Recall that the (geodesic) distance on the unit sphere $S^n$ is given by $$ d(p, q) = \arccos \langle p, q \rangle. $$
Let $f_r = f : \mathbb{R}^2 \to S^3$ be defined by
$$f(\theta, \phi) = \left(r \cos \theta, r \sin \theta, \sqrt{1-r^2} \cos \phi, \sqrt{1-r^2} \sin \phi \right),$$
where $r \in (0,1)$ is a parameter, and consider $M = M_r$ to be the image of $f$, which is a 2-torus. My question is: what is (are) the point(s) in the sphere that is (are) the furthest away from $M$? Due to the symmetry of the problem, I suspect it is either $e_1 = (1,0,0,0)$ or $e_3 = (0,0,1,0)$, depending on whether $r \leq \sqrt{1-r^2}$ or $r \geq \sqrt{1-r^2}$. However, I am unable to prove it. Any help would be appreciated :)

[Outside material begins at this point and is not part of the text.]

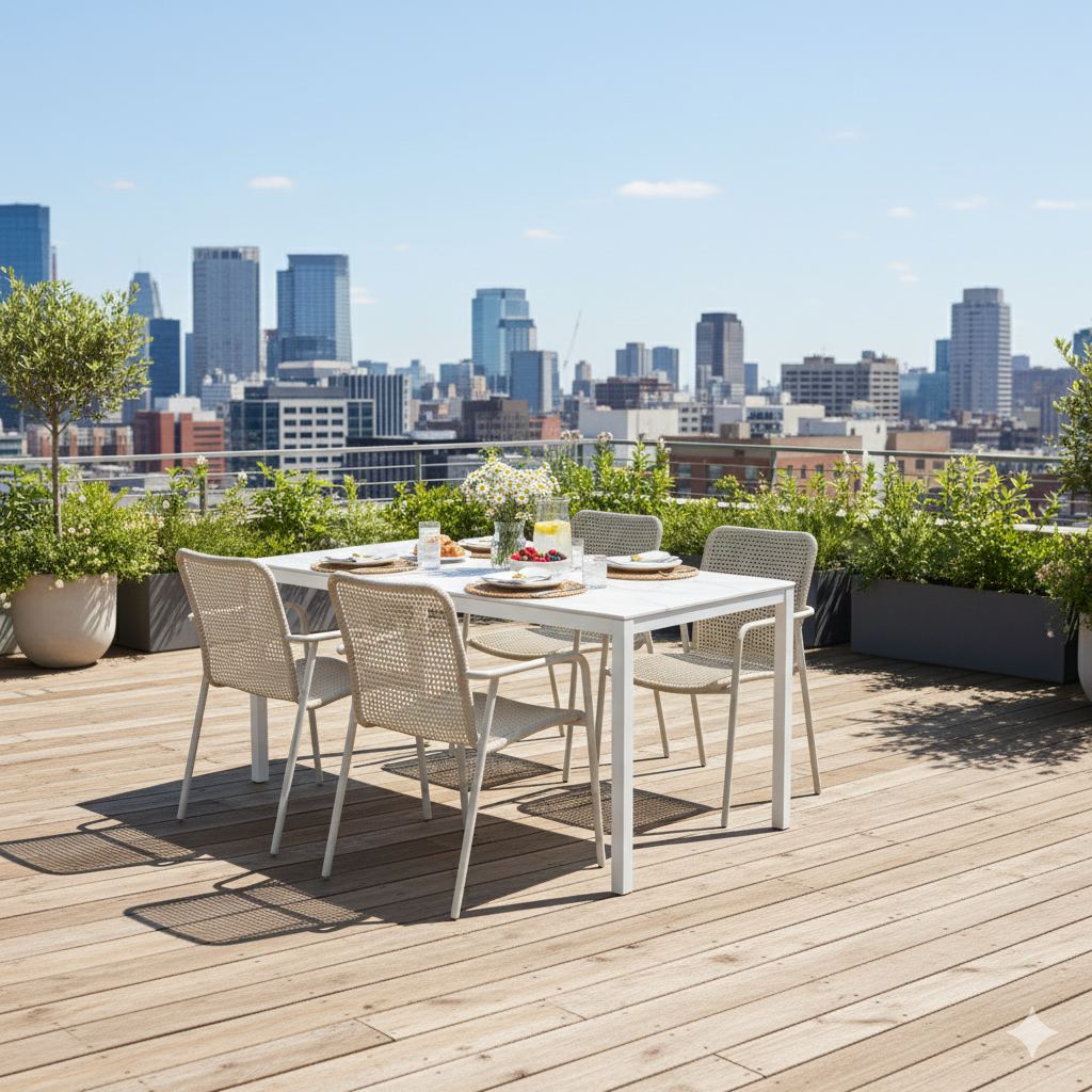 โต๊ะที่ออกแบบมาเพื่อให้ทุกมื้อกลางแจ้งดูดีแบบไม่ต้องพยายาม หน้าเซรามิกลายหิน สวยสะอาดตา ใช้ง่าย ไม่กลัวเปื้อน โครงอะลูมิเนียมแข็งแรง ทนแดดทนฝน อยู่ข้างนอกได้สบายใจ นั่งชิลล์ได้ทั้งครอบครัวหรือกลุ่มเพื่อน เหมาะกับสวน ระเบียง หรือมุมกินข้าวข้างนอกที่อยากให้ดูดีแบบธรรมชาติ

First note that the tori foliate all of $S^3$ (with degeneracy to circles at $r=0,1$), so we can use $r,\theta,\phi$ as coordinates. In these coordinates the inner product appearing in the distance function is (using an angle difference identity): $$\langle (r,\theta,\phi),(r',\theta',\phi') \rangle = r r' \cos(\theta - \theta') + \sqrt{1-r^2}\sqrt{1-r'^2}\cos(\phi - \phi').$$
Let's call the $r$ from your question $R$, so that we're trying to find the point $p = (r_0, \theta_0, \phi_0)$ maximizing distance from the torus given by $r=R$. The inner product formula makes it clear that the closest point on the torus to $p$ will be $(R,\theta_0, \phi_0)$, so we just need to choose $r_0 \in [0,1]$ minimizing $r_0 R + \sqrt{1-r_0^2}\sqrt{1-R^2}$.
If you differentiate this expression you'll see that the only critical point on $[0,1]$ is the maximum at $r_0=R$; so as suspected the solution is either the circle at $r_0 = 0$ or the circle at $r_0 = 1$.